Наибольшее увеличение экспрессии (в 24–14 раз) демонстрировали гены C0965_08140–C0965_08165, предположительно составляющие один оперон карбоксилазы мочевины (UCA). Комплекс 5.5 тпн шести генов L. fermentum U-21 является видоспецифичным для L. fermentum, он кодирует UCA-аллофанатгидролазный путь деградации мочевины. Уреазная активность штамма Limosilactobacillus reuteri 100-23 в желудке мышей повышала кислотоустойчивость штамма [24]. UCA может использоваться бактериями для ассимиляции источников азота [25]. Значительно увеличивалась экспрессия оксидоредуктаз, ферментов биосинтеза пролина, катаболизма дисахаридов, белков транспорта витаминов.
Перекись водорода повреждает различные клеточные структуры – ДНК, белки, клеточные мембраны. Экспрессия генов репарационных белков – метионинсульфоксидредуктаз, mrsA и mrsB, C0965_06645 и C0965_01540 также возрастала в 7–8 раз. Эти ферменты обеспечивают дисульфидный путь восстановления поврежденных в результате окисления остатков метионинсульфоксида в белках до метионина [26]. Увеличивается экспрессия генов полифосфаткиназы (C0965_06785), осуществляющей фосфорилирование нуклеозидов и обеспечивающей устойчивость к стрессу [27]. Увеличена экспрессия гена рекомбиназы recA.

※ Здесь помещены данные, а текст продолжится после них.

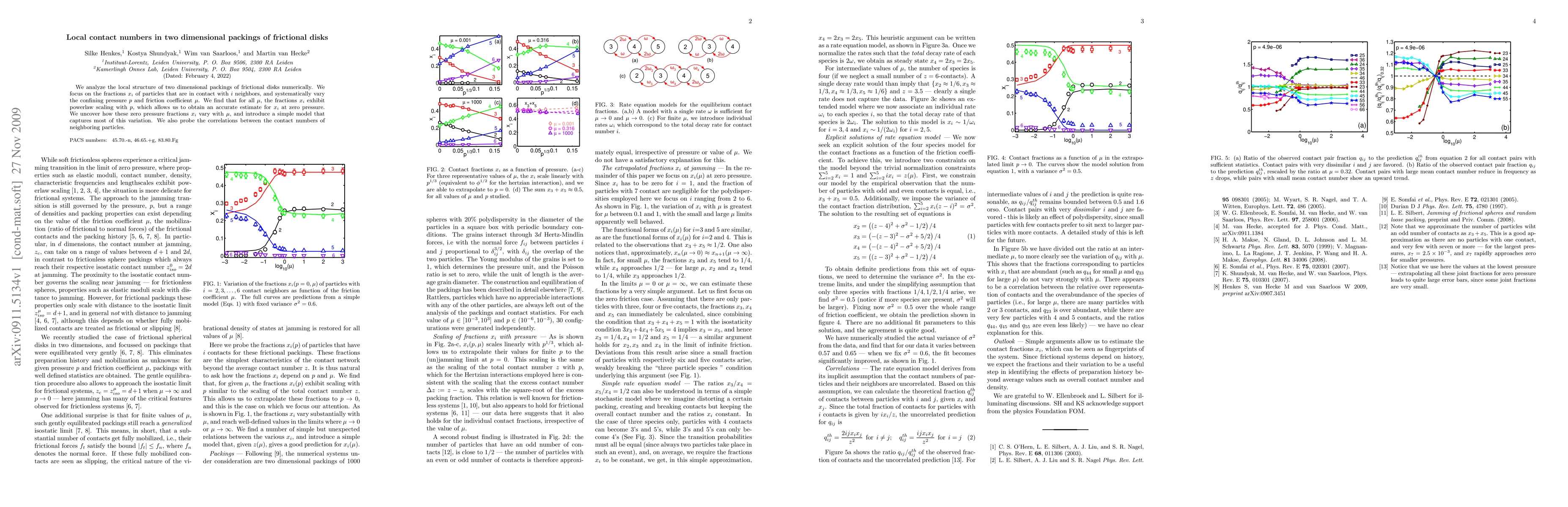 Researchers studied contact numbers in 2D packings of frictional disks, finding that contact fractions scale with pressure for all friction coefficients, allowing for accurate estimates at zero pressure.
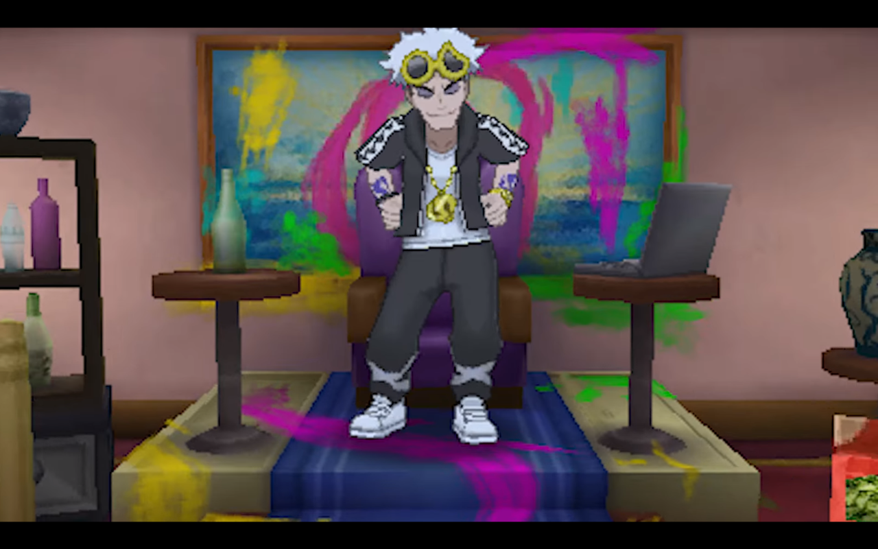 Description: A cartoon character is standing in a room with a painting on the wall behind him and a laptop on the table.
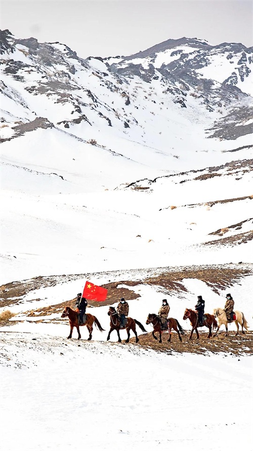 (新疆的边防部队在春节时期依然在巡逻雪山,图片源自@人民视觉)
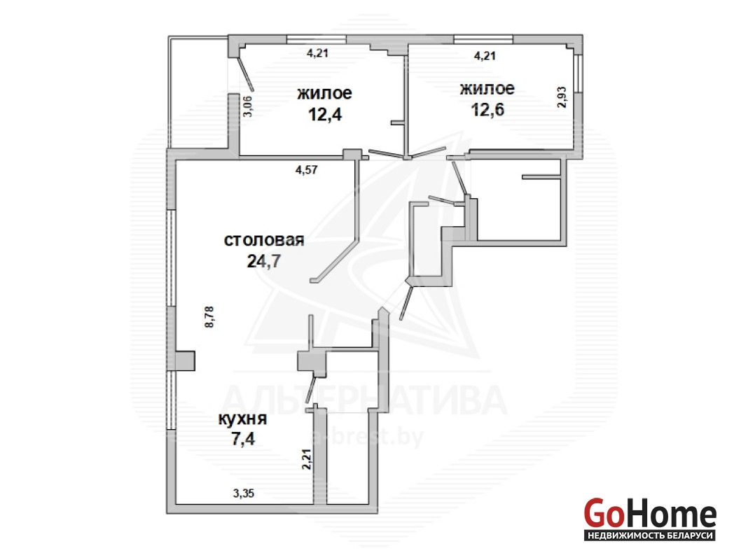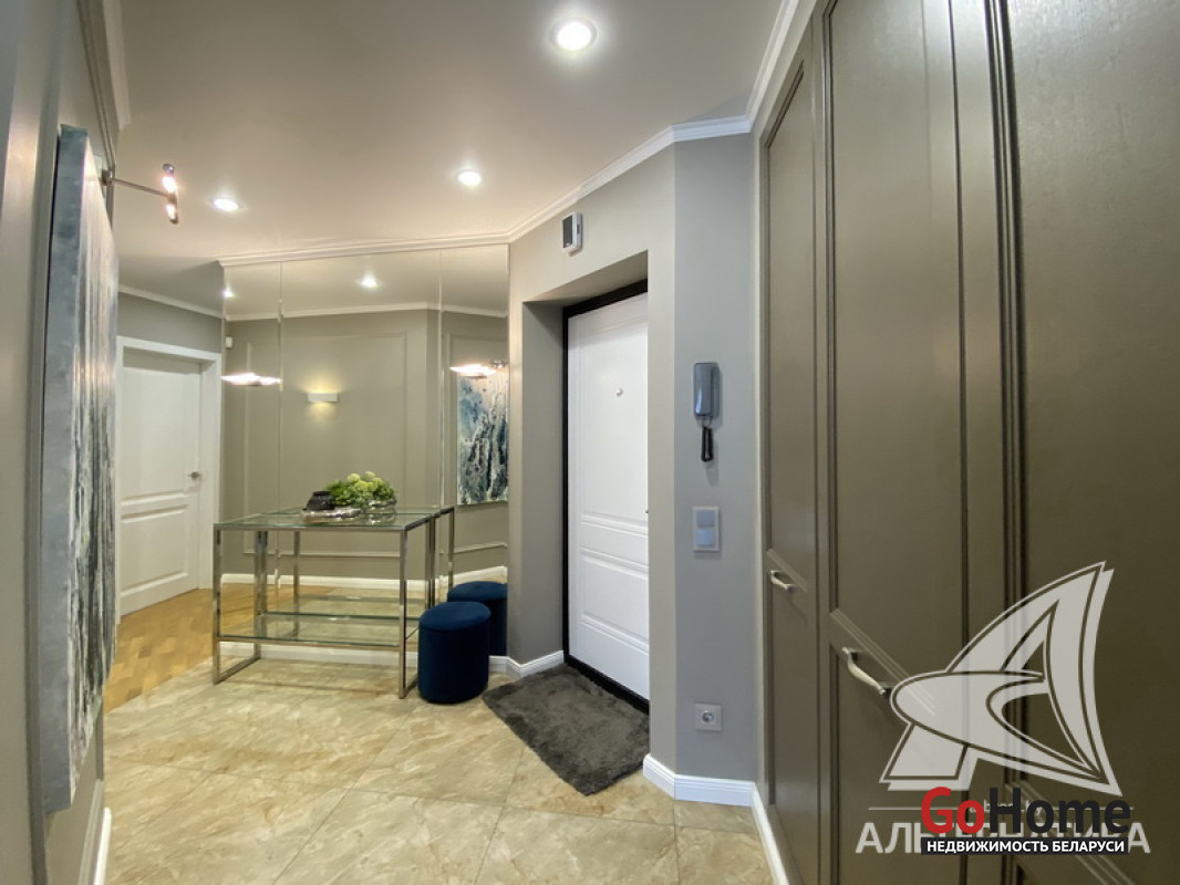 Трехкомнатная современная квартира на седьмом этаже 16-этажного блочного кооперативного дома 2017 года постройки в центре г. Бреста (ул. Фомина). Установлены стеклопакеты нового образца, подоконники во всех комнатах — из искусственного камня. Расположение окон квартиры на две стороны дома — это много света утром и мягкий закат вечером. Входная дверь - металлическая ProfilDoors с шумоизоляцией и антивандальным покрытием; межкомнатные - из массива ольхи. Общая площадь 79,5 кв.м, жилая 49,7 кв.м. Улучшенная зарегистрированная планировка отличается удобством: гостиная-столовая 24,7 кв.м. объединена с кухней, две спальни с балконом, гостиная-столовая 24,7 кв.м. объединена с кухней, два санузла с ванной и душевой. Балкон застеклен (заменены стеклопакеты) и оборудован системой хранения.
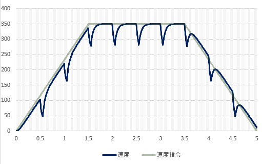 ステップ応答時と同じ条件で速度指令値を台形パターンにしたものです。補償器の条件は比例ゲインを0.5, 積分ゲインを15にしたものです。
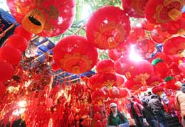 連日來,不少市民在重慶朝天 門節(jié)約街上選購年貨裝飾品。 本報(bào)記者:周衡義
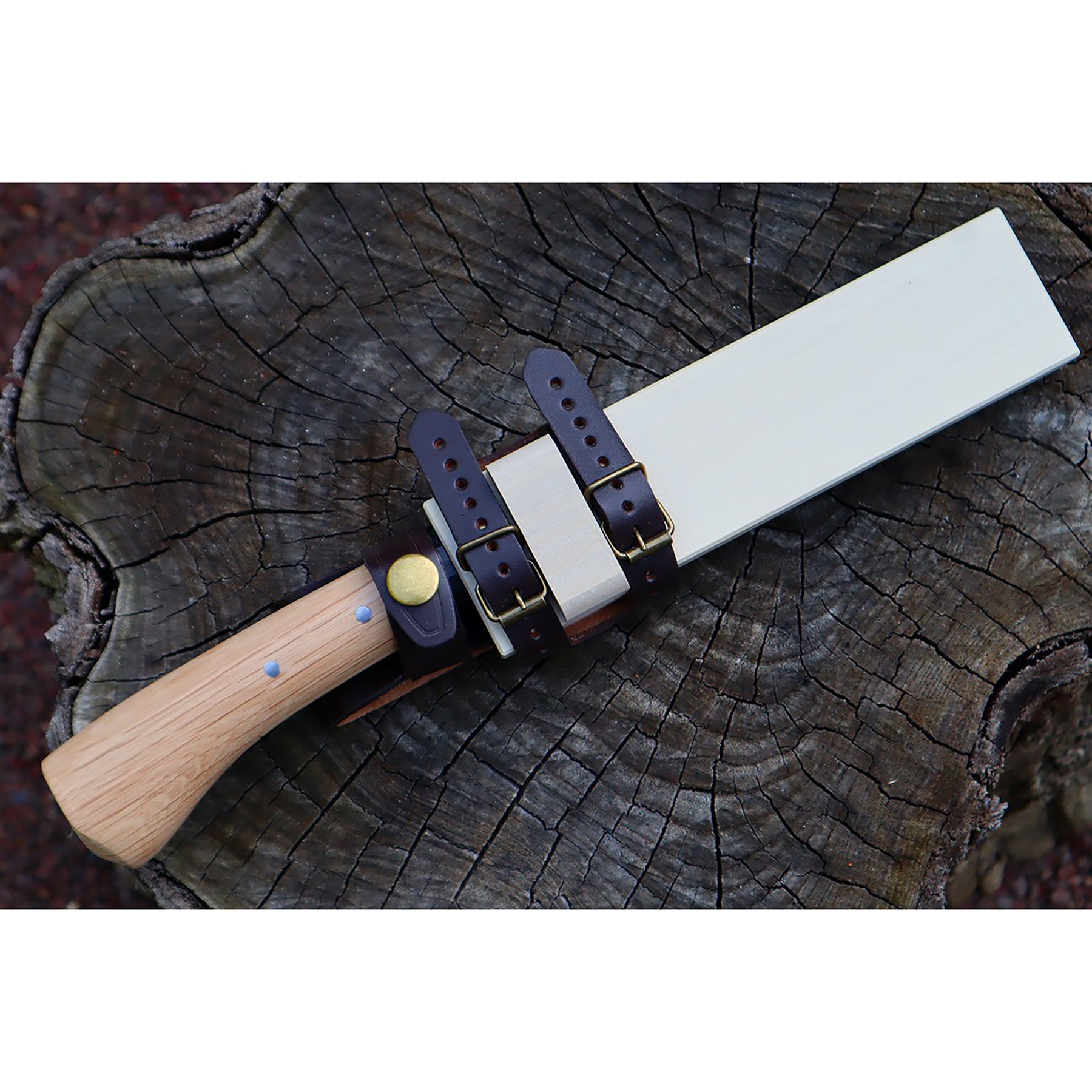 キャンプ剣鉈 120 白鋼 黒槌目 黒丸輪 樫柄 木鞘革バンド 晶之作 |
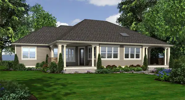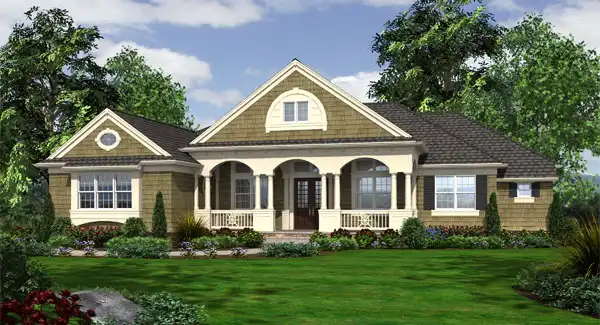 A stately residence designed with traditional and craftsman accents, the Pacificgrove combines an elegant facade with disciplined planning to create a serene and luxurious family home. The symmetrical front porch draws visitors into the columned and beamed foyer, lined with art and painting niches, adjacent to the formal dining room with its tray ceiling and butlery. A diamond-shaped, columned vestibule accesses the work-at-home den, along with a private hall to two secondary bedrooms plus Jack-and-Jill bath. The center of the house is the spacious great room, enormous island kitchen and breakfast nook, opening onto the large covered BBQ porch. Another private hall leads to the laundry/mud room and 3-car garage, and finally, the crown jewel of the home a master suite of unparalleled elegance, with a fireplace, a huge walk-in closet, deluxe five-fixture bathroom, and private covered patio with outdoor fireplace. The Pacificgrove is a truly special residence, crafted to provide timeless elegance and satisfaction for its owners.
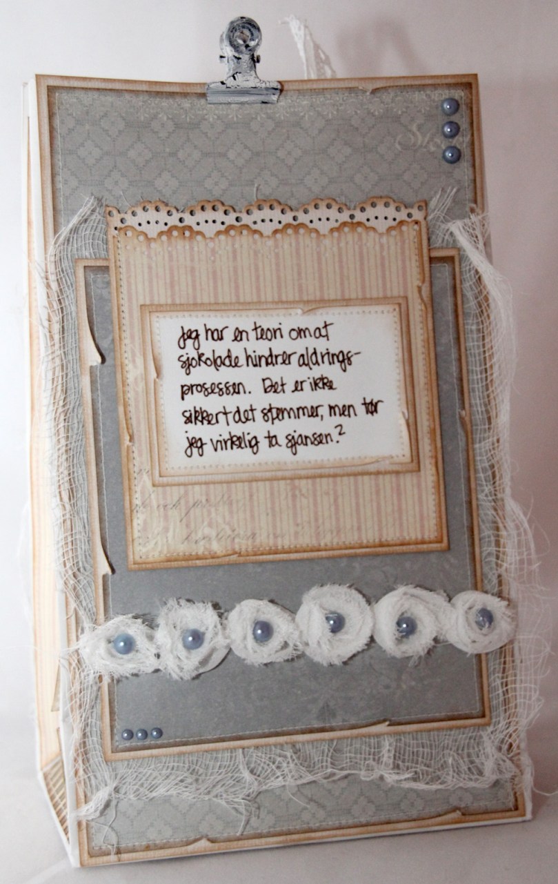 Samme oppsett på innsidene, veldig enkelt. Og veldig greit med distress markers som man også kan bruke til å skrive med (det er ingen hemmelighet at jeg liker at fargen på teksten min koordinerer med resten)!!
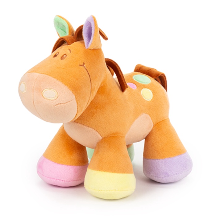 Мягкая лошадка Тося — обаятельная игрушка, которая сразу вызывает симпатию. Её добродушный вид и сочетание оранжевого с пастельными оттенками делают образ уютным и современным. Лошадка подойдёт и для игр, и как элемент декора в детской комнате.
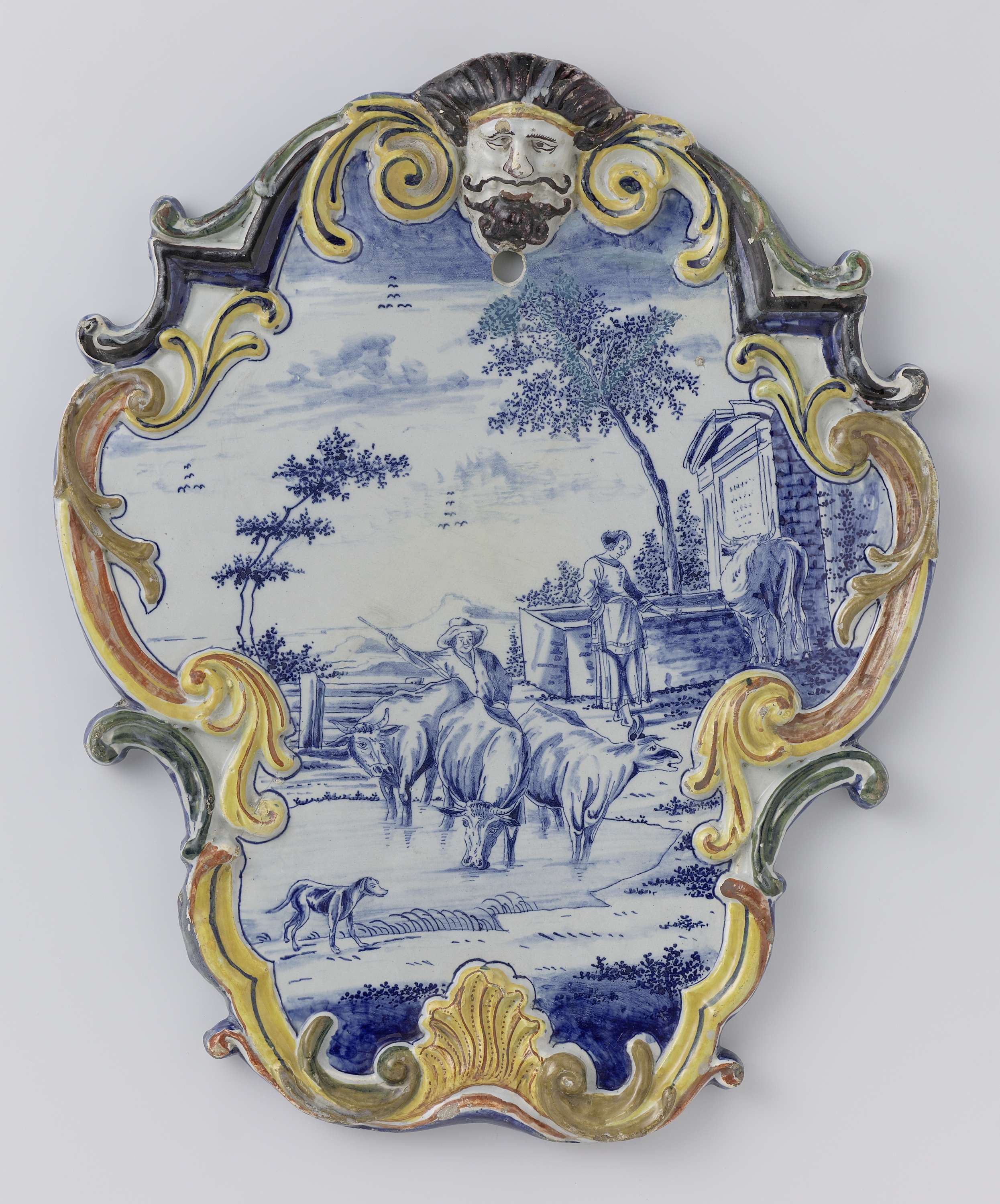 Plaat in de vorm van een cartouche met mascaron; beschilderde in blauw met een landschap met koeien
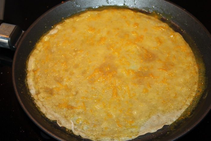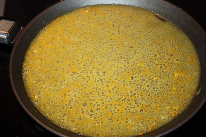 На разогретую сковороду кладем сливочное масло и всыпаем коричневый сахар. Как только сахар растворился в масле, добавляем цедру и сок. Даем соусу полностью соединиться (это занимает около минуты).
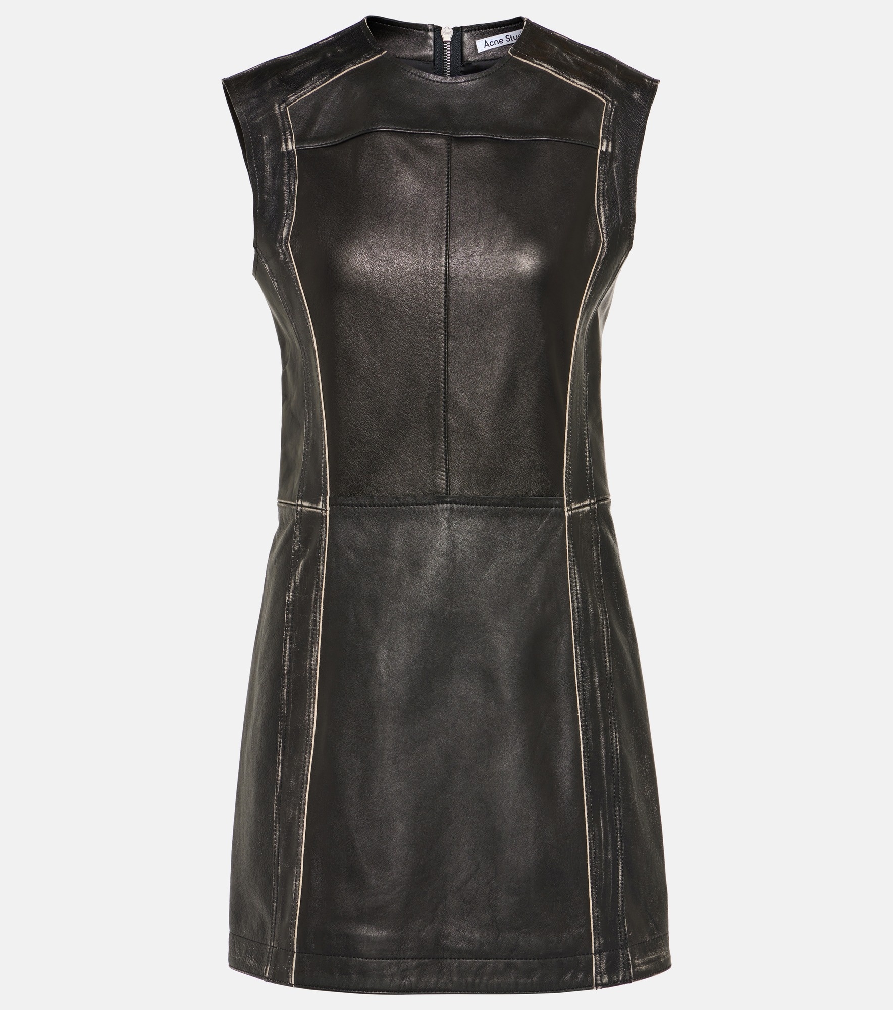 Stockholm-based Acne Studios has a firmly established cult following thanks to its Scandinavian-cool aesthetic. This minidress is cut to a sleeveless silhouette with leather patchwork and subtle contrast detailing. Product Details - Material: 100% leather - Care instructions: do not wash - Made in Turkey - Designer color name: Black - Lining: 100% viscose - Closure: zipped back - Contains non-textile parts of animal origin - Item number: P00849788 Size & Fit - Fits small to size - we recommend trying one size larger - Cinched waist - Mid-weight material - The model seen in the picture is 178cm-5'10" and wearing a size DT 36

Максимальное уменьшение экспрессии (в 18–70 раз) демонстрировали опероны и отдельные гены синтеза компонентов ABC-транспортеров, аргинина и орнитина, фосфотрансферазных систем транспорта сахаров, синтеза жирных кислот.
Подавляющее большинство генов, определяющих белки с АО, изменяли экспрессию при действии перекиси водорода, увеличивая ее в 2–4 раза. Увеличение экспрессии отмечено для генов, кодирующих субъединицы алкилгидропероксидредуктазы – F и C (пероксиредоксин), тиоредоксин (4 гена), медь-транслоцирующие АТФазы (2 гена), пероксидазу, глутаредоксин, феррохелатазу. Наибольшее увеличение экспрессии генов этой группы отмечено для оперона, содержащего гены, кодирующие тиоредоксинредуктазу и цистеинсинтазу (табл. S3 Приложения) (в 8–10 раз), и оперона, содержащего гены переносчика тяжелых металлов АТФазы Р-типа и белка, содержащего ассоциированный с тяжелыми металлами домен (рис. 1,в) (в 3.9–5.6 раз). Уменьшение экспрессии отмечено только для нескольких генов этой группы (менее чем в 2 раза). Более значительное уменьшение экспрессии (в 3–4 раза) отмечено только для генов, кодирующих глутаматцистеинлигазу, катализирующую первый этап синтеза глутатиона (табл. S1 Приложения).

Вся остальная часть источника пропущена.